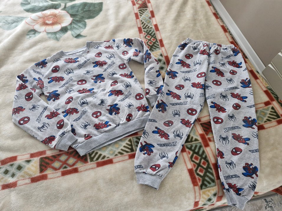 Gri renkte, baskılı desene sahip çocuk pijama takımı, yumuşak ve sıcak tutan kumaştan üretilmiştir. yikandi cekti ondan olmadi
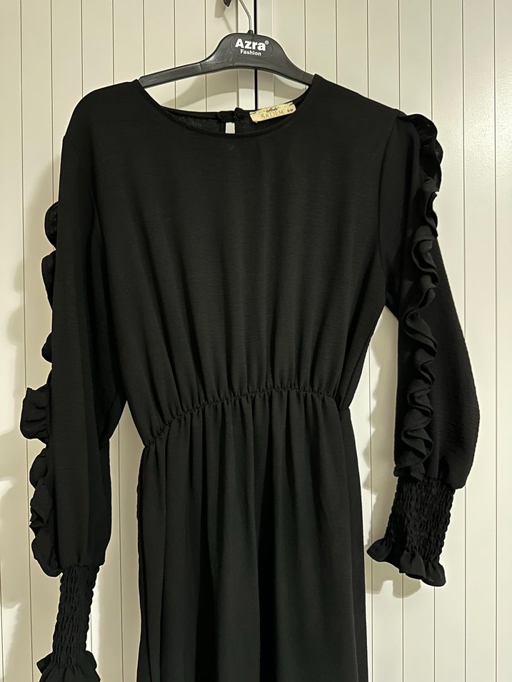 Siyah uzun elbise, uzun kollarda fırfır detayları ve bol kesimiyle dikkat çeker. Yuvarlak yakalı ve yumuşak sentetik kumaştan üretilmiştir.
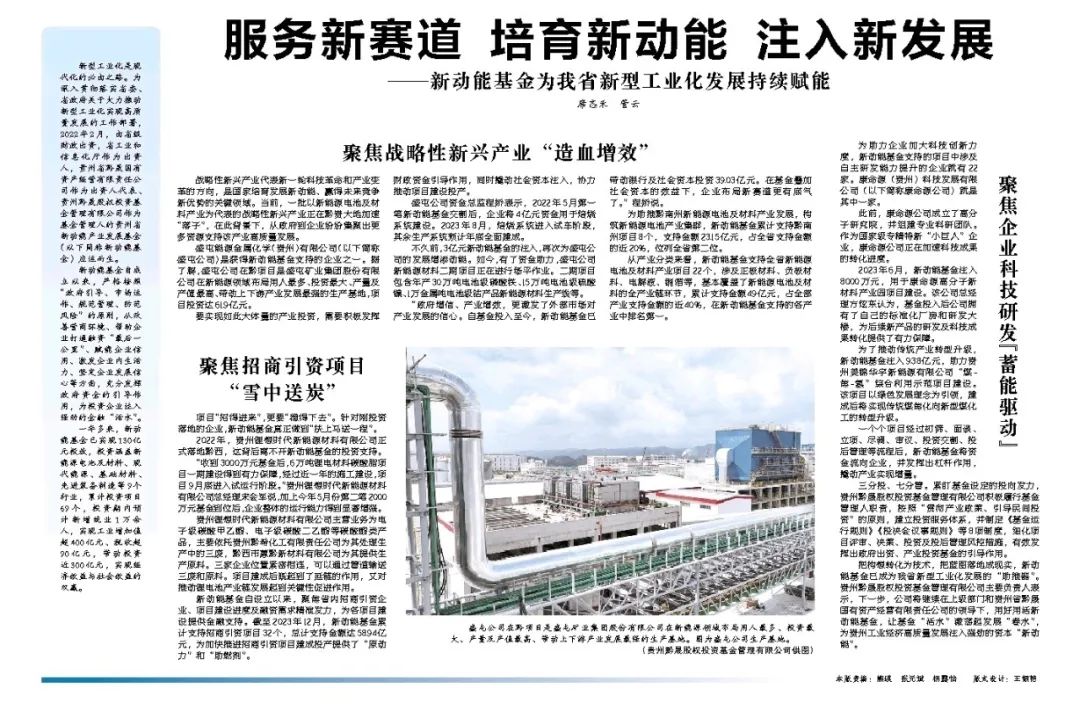 新動(dòng)能基金助力我省產(chǎn)業(yè)集群式發(fā)展【貴州日?qǐng)?bào)】

- **Instructions for the task**
Output only the lines that run from the line containing "Siyah uzun elbise, uzun" to the last line of the data, exactly as they stand and without pictures.

- **Worked solution**
 Siyah uzun elbise, uzun kollarda fırfır detayları ve bol kesimiyle dikkat çeker. Yuvarlak yakalı ve yumuşak sentetik kumaştan üretilmiştir.
 新動(dòng)能基金助力我省產(chǎn)業(yè)集群式發(fā)展【貴州日?qǐng)?bào)】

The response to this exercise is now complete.